Of course, Stalin had no interest in the well-being of local Kurds and Azeris. After all, in the 1930s he had deported Soviet Kurds en masse to Kazakhstan. His interest in north-west Iran had more to do with the area's potential oil wealth. If he could get hold of this without a land grab, then all well and good. Stalin now offered the Iranian prime minister Qavam a deal. In the words of the historian Vladislav Zubok:
Stalin and [his foreign minister] Molotov acted as a "good-cop, bad-cop" team: on the one hand they dangled before Qavam the promise to act as mediators between Tehran and the separatist regimes; on the other hand, they pressed the prime minister to grant oil concessions to the Soviet Union.
Soviet interference was provoking immense anger among Iranian nationalists. Qavam decided to outsmart Stalin and play for time. The deadline for foreign armies to evacuate Iran expired in early 1946 but Soviet troops did not budge from the north-west. However, the USSR was now clearly in breach of international agreements. Qavam went straight to the newly-formed United Nations, pleaded his case and won American backing. Stalin had not predicted the strength of US feeling on the issue. In the end, pressure from the Americans meant that Stalin gained nothing. The Soviet army withdrew from the republics but Stalin got no oil. Left to their fate, the separatist republics were soon crushed, the Azeri leaders fled to the USSR, and the Kurdish leaders were caught and hanged. Ultimately, all Stalin had achieved was to push Iran into the American sphere of influence, where it would stay until 1979; and even after 1979, Revolutionary Iran would refuse to ally with the Soviet Union.

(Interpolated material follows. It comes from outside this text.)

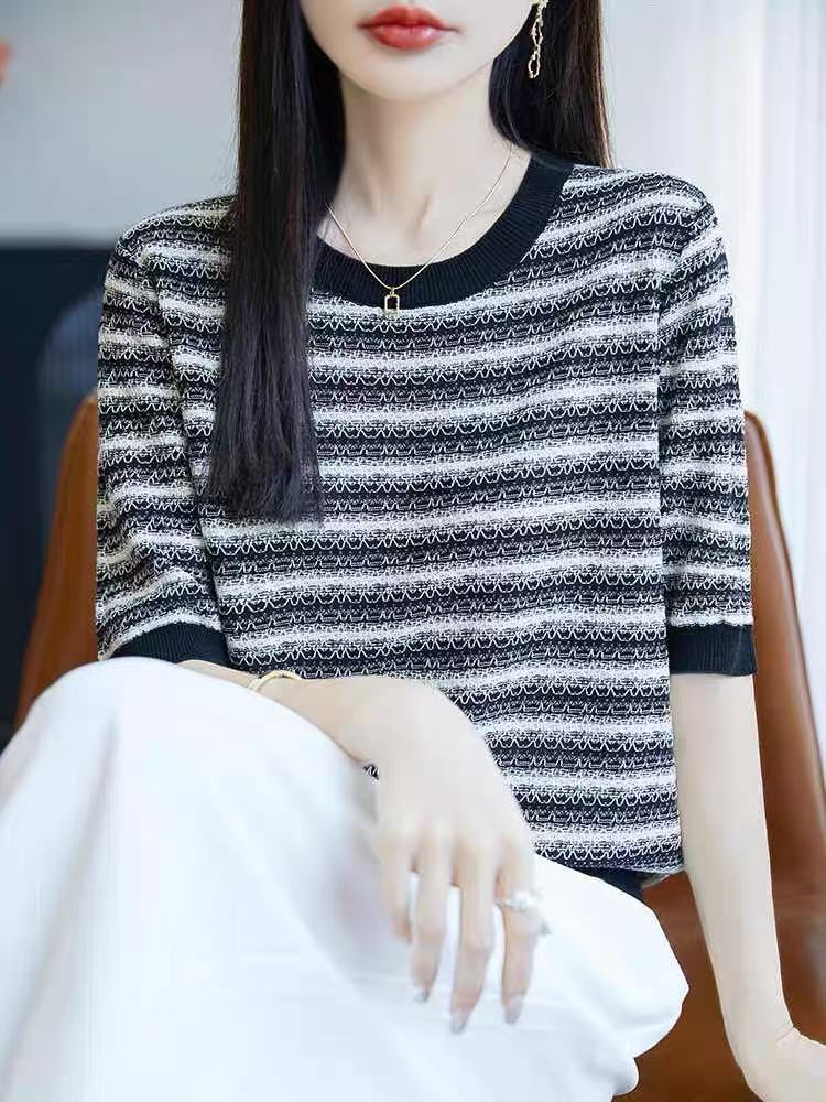 살구 색상 달콤함 스트라이프 얼음 실크 니트 티셔츠 여성 2026 여름 새로운 작은 키 몸매 가꾸기 슬림해 보이는 반팔 맨위

Stalin's attempted blackmail of Turkey around the same time also backfired. In 1945 he demanded the Turks accept joint control of the Straits of the Dardanelles with the Soviet Union and dropped strong hints that if he didn't get the deal, he had his eyes on historic Georgian and Armenian lands in eastern Turkey (although here there were no attempts to set up separatist republics). This provoked massive protests in Istanbul, which the Soviet ambassador Vinogradov suggested should be presented to the West as evidence of a "fascist threat" (ring a bell?). However, Ankara refused to give in to Stalins demand's and turned to the USA. In 1952, Turkey joined NATO.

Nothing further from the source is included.